Сесть на корточки возле двери в коридоре и башку обхватить: выход или не выход уехать на море, на работу забить? Ведь когда-то спасало: над синей волною зеленела луна. И, на голову выше, стояла с тобою, и стройна, и умна. Пограничники с вышки своей направляли, суки, прожектора и чужую любовь, гогоча, освещали. Эта песня стара. Это — «море волнуется — раз», в коридоре самым пасмурным днём то ли счастье своё полюби, то ли горе, и вставай, и пойдём. В магазине прикупим консервов и хлеба и бутылку вина. Не спасёт тебя больше ни звёздное небо, ни морская волна.Да когда он был у моря-то? В 1989-м, после восьмого класса, в Болгарии, с родителями, на Солнечном берегу. Были они там недели две, плавал он не очень хорошо, да и опасно там было — народу много, во взбаламученное море не тянуло. Мало видел, больше воображал. Но запоминал навсегда. Ничего не сказал о том море. Разве что о Балтийском, но Финский залив — часть городского ландшафта. На берегу Финского залива в его самой восточной оконечности, в месте впадения в залив реки Невы, стоит Санкт-Петербург.
Это странно: такой нестарый поэт был поэтом памяти. Масса того, что он писал, возникала оттуда, где было лучше, чем сейчас. Область счастья, а не память. Значит, не память, а нечто другое.

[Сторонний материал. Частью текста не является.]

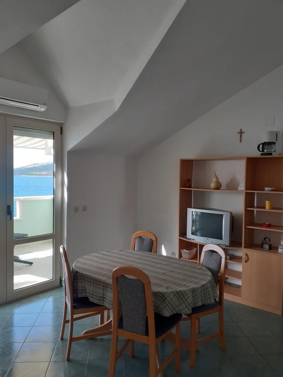 Die Wohnungen liegen direkt am Meer in einem kleinen Fischerdorf. Eine ideale Wahl für einen ruhigen Familienurlaub. Der Strand liegt direkt vor der Wohnung und alle Wohnungen verfügen über eine großzügige Terrasse mit freiem Blick auf das Meer. Die Abendstunden können Sie mit einem Spaziergang durch die schöne Stadt Trogir verbringen, die in der Nähe liegt.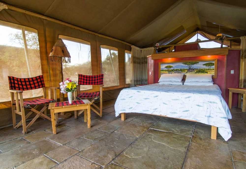 Das Amboseli Sentrim Camp verfügt über einen weitläufigen Garten, ein Restaurant und einen schönen Pool. Am gemütlichen Lagerfeuerplatz habt ihr an manchen Abenden die Chance, euch mit Massai-Kriegern auszutauschen und spannende Informationen über deren Kultur zu erhalten. Das Camp wurde aus lokalen Materialien erbaut und fügt sich dadurch gut in die umliegende Umgebung ein. Die Unterkunft zeichnet sich außerdem durch einige Energie- und Wassersparmaßnahmen aus, die der Nachhaltigkeit zugutekommen.

Я сам не знаю то, что знает память. Идите к чёрту, удаляйтесь в ночь.ЧАСТЬ СЕДЬМАЯ
Из уходящего века он выходил с некоторым оптимизмом, или это было видимостью и минутой:
По-моему, в проживаемый нами отрезок времени с поэзией нашей всё обстоит самым наилучшим образом. Эпигоны Иосифа Бродского после смерти своего кумира куда-то и сами запропастились со своими текстами. Правда, посмотрите вокруг, их почти не стало — куда делись, непонятно. (С другой стороны, стали по неведомым причинам появляться эпигоны Ходасевича, но это ребята безобидные в основе своей и ненавязчивые, как и подобает эпигонам Ходасевича.) Кроме того, изящная наша словесность избавилась от чистой воды проходимцев, рифмоплётов, потому как дело это по большому счёту стало безденежным и бесславным. Есть, конечно, жулики, мыслящие глобально и выстраивающие колоссальные литературные пирамиды, но как бы они ни старались, всё во благо опять-таки поэзии — эти господа оттягивают на себя графоманов, которые в былые времена атаковали серьёзные издания. Редакторы в связи с этим стали менее нервозны, и с ними приятно общаться. С критикой, конечно, плоховато, но в России всегда так было, было и хуже.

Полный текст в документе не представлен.